DOI: 10.3923/ppj.2015.79.85

URL: https://scialert.net/abstract/?doi=ppj.2015.79.85
 
Received: March 31, 2015; Accepted: May 19, 2015; Published: June 11, 2015

INTRODUCTION

Tobacco (Nicotiana tabacum L.) is an annual, leafy and solanaceous plant grown commercially for its leaves. China is the biggest single tobacco market in the world and accounts for more than 39.6% of the total global tobacco production (Wang et al., 2013) and 40% of the global tobacco consumption (Wang et al., 2014). During tobacco production period, the major destructive foliar disease tobacco brown spot, occurs every field where tobacco growing throughout the country. Tobacco leaves infected by this disease normally become incomplete, uneven baking leaf color and leaf thickness which results in poor quality of tobacco leaves and low value of industrial use (Jenning et al., 2002; Yakimova et al., 2009). Losses can reach more than 60% if disease management practices are not utilized. In the last five years, it has been a major serious problem for tobacco production in China (Tong et al., 2012). This disease is caused by the notorious fungal pathogen Alternaria alternata (Fr.) Keissl (Main, 1969; Dobhal and Monga, 1991). It normally happens from the lower leaves of a plant and gradually spreads to the upper leaves during leaf harvest period (Stavely and Slana, 1970). The typical symptom of brown spot on leaf is a brown necrotic centre surrounded by a yellow or yellowish-green halo (Slavov et al., 2004).

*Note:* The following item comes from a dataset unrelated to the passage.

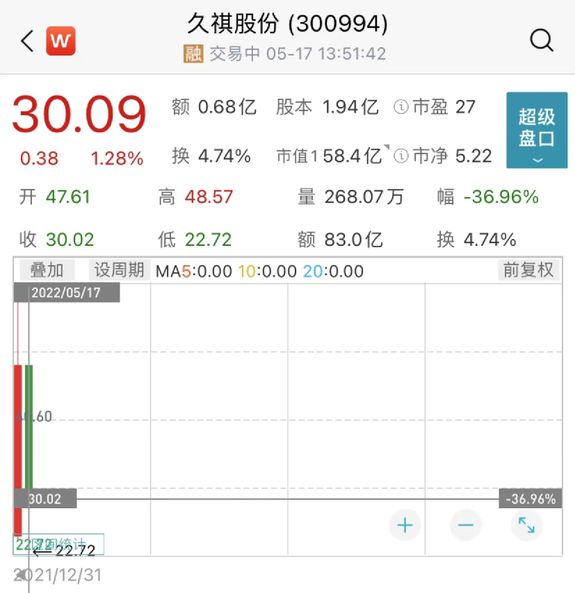 今年以来,久祺股份股价累计跌了36%。

During the early part of the growing season, A. alternata grows extensively over the leaf surface and only seldom penetrates tobacco leaf for invasion. Whereas at harvest period, the pathogen directly penetrates the cuticle after formation of an appressorium or infects leaves from stomata (Huang et al., 1996); later on, necrotic lesions are formed after host cells have collapsed due to fungal action (Main, 1969; Cheng et al., 2011). To the best of our knowledge, the mechanism of infection differences in two stages is still unclear. There might be some different chemicals on tobacco leaf interrelated with the invasion for the different growing stages and these chemicals could influence the metabolic activity of A. alternata. Up until now, little is known about the metabolic characters of the isolate of A. alternata. A better understanding of the phenotypes of the pathogen will be much valuable to develop management practices to decrease the impacts of the disease.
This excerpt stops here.